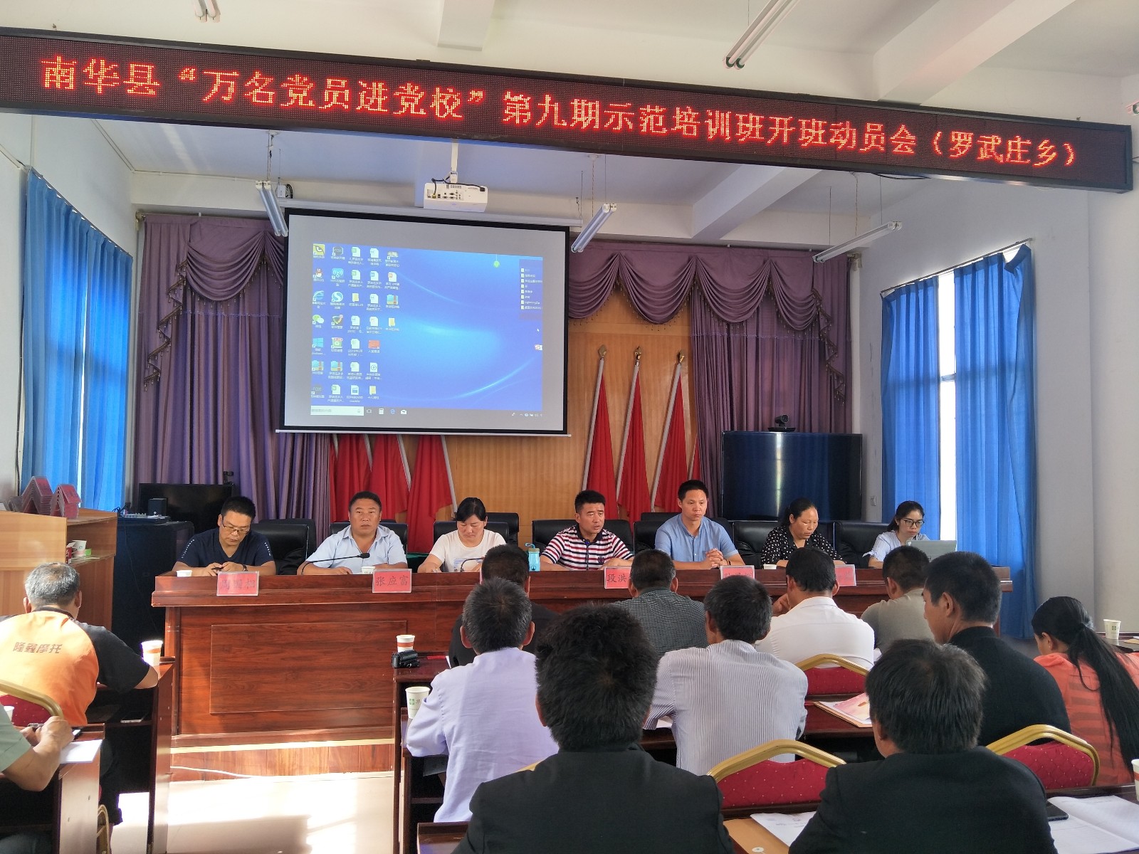 乡党委书记、乡机关站所党支部书记、罗武庄中学、中心校教师党员、7个村委会部分农村党员共计130人参加培训。培训以集中授课、重温入党誓词,奏唱《国歌》、集体过政治生日、观看党性教育专题片、学员心得交流、学习测试等方式进行,并为参训学员颁发结业证书。
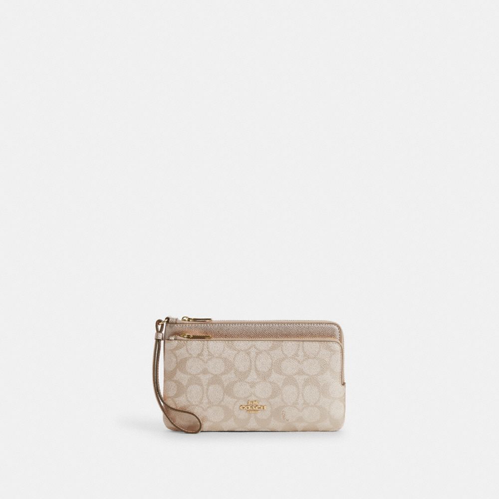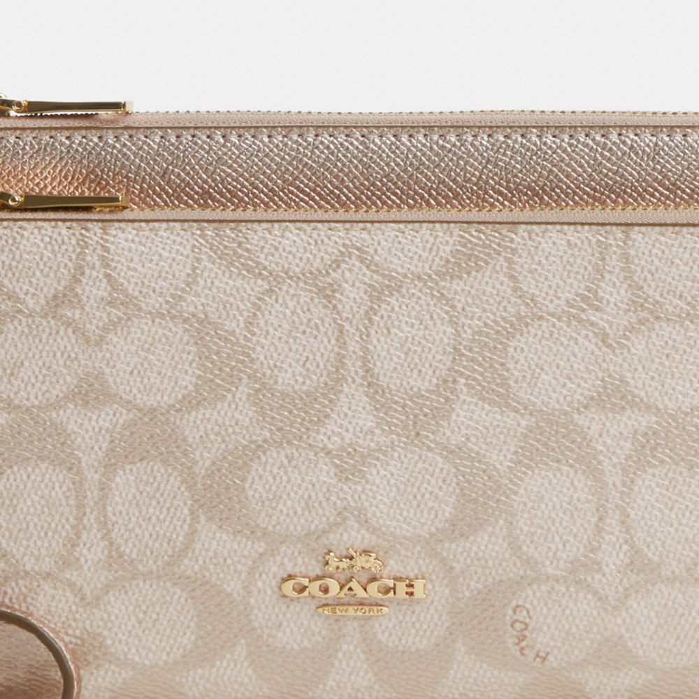COACH FACTORY OUTLET PRICE CHART - CW968 - DOUBLE ZIP WALLET IN SIGNATURE CANVAS - GOLD/CHAMPAGNE MULTI
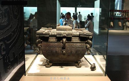 湖北省博物馆的曾侯乙青铜冰鉴就更著名了,就是个可以放冰可以放水的大铜盆。铜盆里放入装酒的器物,在四周放冰就是冰镇酒,放热水就是加热酒。右侧是舀酒的铜勺。
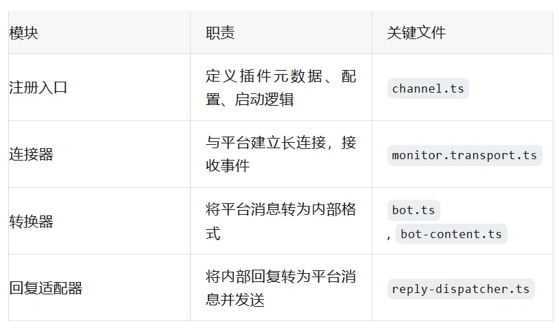 整个架构可以概括为:插件接收消息 → 通过 WebSocket RPC 发送给 Gateway → Gateway 调度智能体处理 → 回复通过同一 WebSocket 连接推回插件 → 插件发送到平台。
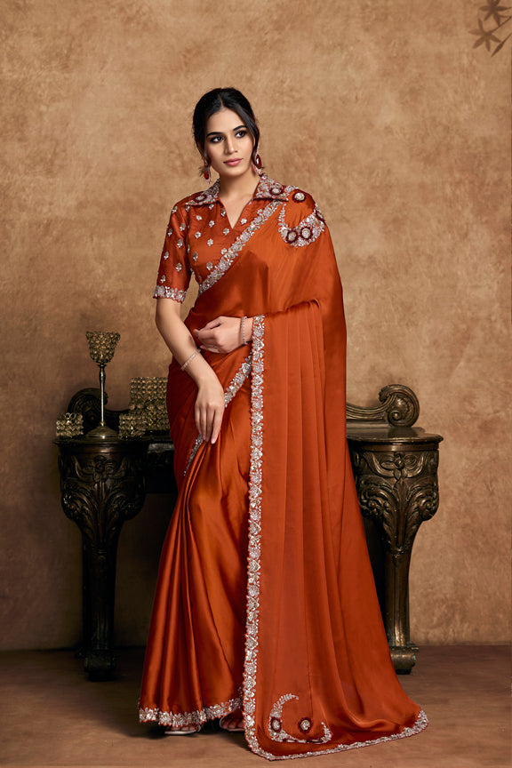 Rust Lustrous Satin Silk Sequins Embroidery Saree

> Task requirements:
The records above should be returned word for word, with every picture left out.

> Answer:
 乡党委书记、乡机关站所党支部书记、罗武庄中学、中心校教师党员、7个村委会部分农村党员共计130人参加培训。培训以集中授课、重温入党誓词,奏唱《国歌》、集体过政治生日、观看党性教育专题片、学员心得交流、学习测试等方式进行,并为参训学员颁发结业证书。
COACH FACTORY OUTLET PRICE CHART - CW968 - DOUBLE ZIP WALLET IN SIGNATURE CANVAS - GOLD/CHAMPAGNE MULTI
 湖北省博物馆的曾侯乙青铜冰鉴就更著名了,就是个可以放冰可以放水的大铜盆。铜盆里放入装酒的器物,在四周放冰就是冰镇酒,放热水就是加热酒。右侧是舀酒的铜勺。
 整个架构可以概括为:插件接收消息 → 通过 WebSocket RPC 发送给 Gateway → Gateway 调度智能体处理 → 回复通过同一 WebSocket 连接推回插件 → 插件发送到平台。
 Rust Lustrous Satin Silk Sequins Embroidery Saree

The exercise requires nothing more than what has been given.